Song by Grateful Dead

from the album Go to Heaven
- Written: July 1979
- Released: April 28, 1980
- Length: 5:54
- Label: Arista
- Songwriters: Bob Weir; John Perry Barlow;
- Producer: Gary Lyons

= Lost Sailor =

"Lost Sailor" is a song by American rock band the Grateful Dead. It was released on April 28, 1980, as the fifth track on the band's eleventh studio album Go to Heaven. The song was written by rhythm guitarist and vocalist Bob Weir with lyricist John Perry Barlow.

==Overview==

According to David Dodd, "Lost Sailor" was written in Mill Valley, California, in July 1979. The song was debuted in concert on August 4, 1979, while its first performance as a pairing with "Saint of Circumstance" occurred on August 31. While the two songs were a common fixture in setlists throughout the early 1980s, "Lost Sailor" would cease to be played after 1986. "Saint of Circumstance" would continue to be performed until the band's 1995 disbandment.

"Lost Sailor" was recorded almost entirely live in the studio, with only the vocals being overdubbed. Weir stated in a 1980 column with International Musician that he recorded a live vocal during the initial take, but it needed to be re-recorded due to leakage.
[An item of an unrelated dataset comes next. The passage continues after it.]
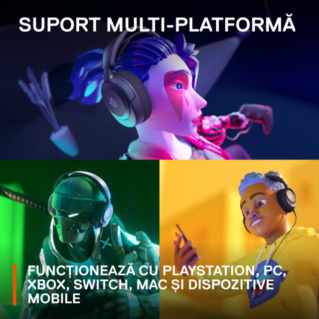 Arctis Nova 1P funcționează cu multiple platforme de gaming, jack-ul universal de 3.5 mm fiind compatibil cu PlayStation, PC, Mac, Xbox și Switch. De asemenea, poți asculta muzică on-the-go de pe mobilul tău.

Stevie Chick of The Guardian describes "Lost Sailor" as "meditative" and "melancholic", with lyrical content that sees "a disillusioned Weir recognises himself in the figure of a haggard old boatman as dedicated to the sea as the singer and guitarist is to the open road". Dodd, in a column for the band's official website, notes that both "Sailor" and "Saint" "feature a narrator who is unsure where he may be going, but seems willing to keep going nonetheless". He notes the "one distinct link" between both songs' lyrics is a reference to the Dog Star (the colloquial name for Sirius). Oliver Trager places "Lost Sailor" in a line of Weir compositions which endorse "misfit power", similarly to "Saint of Circumstance", "Feel Like a Stranger", and "Picasso Moon". Trager characterizes the narrator as "hopeful but fruitless in his attempt to touch the shore of life", with the song's "ever-shifting rhythms and melody" and "vivid nautical and seafaring lore" fitting in with the oceanic theme.

==Reception==

"Lost Sailor" has received positive reviews from critics. After Weir's death in 2026, Chick chose the song as one of Weir's 10 best recordings. Samuel Graham and Sam Sutherland of Record World praised the song as "terrific" and felt it "more than redeem[s]" the "couple of weak tracks" found on Go to Heaven. Lindsay Planer considers "Lost Sailor" to be among the "few gems" included on Go to Heaven, stating that while its studio recording is "obviously not as thoroughly developed as it would become in concert", its "lilting melody and fluctuating tempos are reminiscent of [Weir's] 'Weather Report Suite' from the 1973 release Wake of the Flood." Conversely, in his review of its parent album, J. M. DeMatteis of Rolling Stone dismissed the track as "maundering".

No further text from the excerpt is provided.